Они вошли в низкий, наполненный гулом кричный цех[223]. После уличного света Лобов видел только пылающие пасти печей.
Вот раскаленную добела болванку подали на ковку. Искры летели из-под молотов, прожигали намотанные на руки тряпки; при блеске измятого куска железа быстро двигались охваченные жаром люди, они отворачивали опаленные лица, берегли воспаленные глаза без ресниц. Проковав, болванку сунули в печь, захлопнули дверцу, и сразу стало темно, будто наступила ночь. Вдруг снова замелькали молоты над другой крицей.
Лобов так и застыл у порога. Подле него остановился рабочий. Бороденка реденькая, взгляд тяжелый; дыхание со свистом, словно скрипят ребра и выпершие ключицы. По телу работного струился пот. Лобов смотрел на него с испугом. Петя понял, что новичку худо, и позвал его:
— Пройдемте на самую основу завода.
Не успел Лобов отдышаться, как оказался возле домны. Крутились водобойные колеса, качались коромысла воздуходувки. Шум машин делал разговор невозможным. И тут, при свисте и вое фурм[224], спал рабочий с истощенным лицом. Петя прокричал Лобову:
— Глохнут, хоть в ухо стреляй… Измотались, спят на ходу!
Уставщик[225] разбудил рабочего, знаками что-то приказал ему.
— Завалку[226] будут делать, пошли наверх, — в самое ухо Лобова вновь крикнул Петя.
По наклонному въезду они поднялись на домну. Выше только пламя рвалось. Казалось, вот-вот красные языки слизнут шатер над домной. Молодых людей словно придавило жаром, возвращенным из-под крыши.
Прокопченные доменщики короб за коробом сыпали древесный уголь на колошник[227].
— А уголек не тот! Без малого в пепел пережженный и мягок. Звонкий надо: домна не самовар.
— Да чем беспокоитесь? — сказал Лобов, тревожно озираясь.
— Мы хотим, чтобы больше леса не трогали. Вон все горы оплешивили. Пусть жгут коксус[228]: из земли уголь, вон его в Кизеле нетронутые пласты. Только там начатую шахту обратно засыпали — кто-то в яму свалился.
Лобов сунулся было к горловине, но, лишь взглянув из-за спины рабочего, сразу отпрянул.

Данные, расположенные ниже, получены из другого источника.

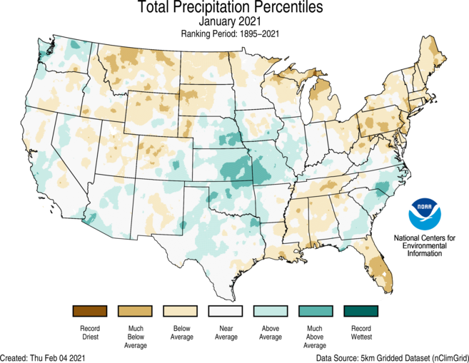 During January, above-average wetness was observed across portions of the West Coast, central and southern Plains and parts of the Southeast.

А рабочий равнял завалку по всей печи. Лобов с ужасом глядел на него: сам-то он у того отверстия, казалось, мгновенно вспыхнул бы. Рубашка прилипла к телу, душил намокший шейный платок. Дышать нечем.
— Кричные потеют, а тут вдвое теплее, — с натянутой улыбкой сказал Лобов Пете.
— Нам потеть не с чего: нутро иссохло, — отозвался доменщик и заковылял на кривых ногах, словно покореженных в пламени.
Петя позвал Лобова вниз, где собирались выпускать чугун, что делали два раза в сутки.
— Вы видели, Пьер, там внутри огненный зверь, а не пламя, — заговорил Лобов, обрадованный тем, что вернулась речь, что они спускаются с домны, где опять взвился огонь.
Уставщик ударил длинным пробойником[229] в глиняную пробку на лётке[230], тотчас корка вспузырилась, треснула, и оттуда струя молока полилась, хоть подойник[231] подставляй: чугун потек в изложницы[232]. Литейный сарай озарился мерцающим светом.
— Ну как, вдохновились на изображение страшного суда? — осведомился Петя. — Вот так и работают. Порой батюшка пугнет с амвона[233] искуплением грехов, а наши только отмахнутся: «В аду уже бывали, и хуже не будет».
— А еще у вас мечтают о «духе вольности Гельвеция», — обронил Лобов, скорчив при этом пренебрежительную мину.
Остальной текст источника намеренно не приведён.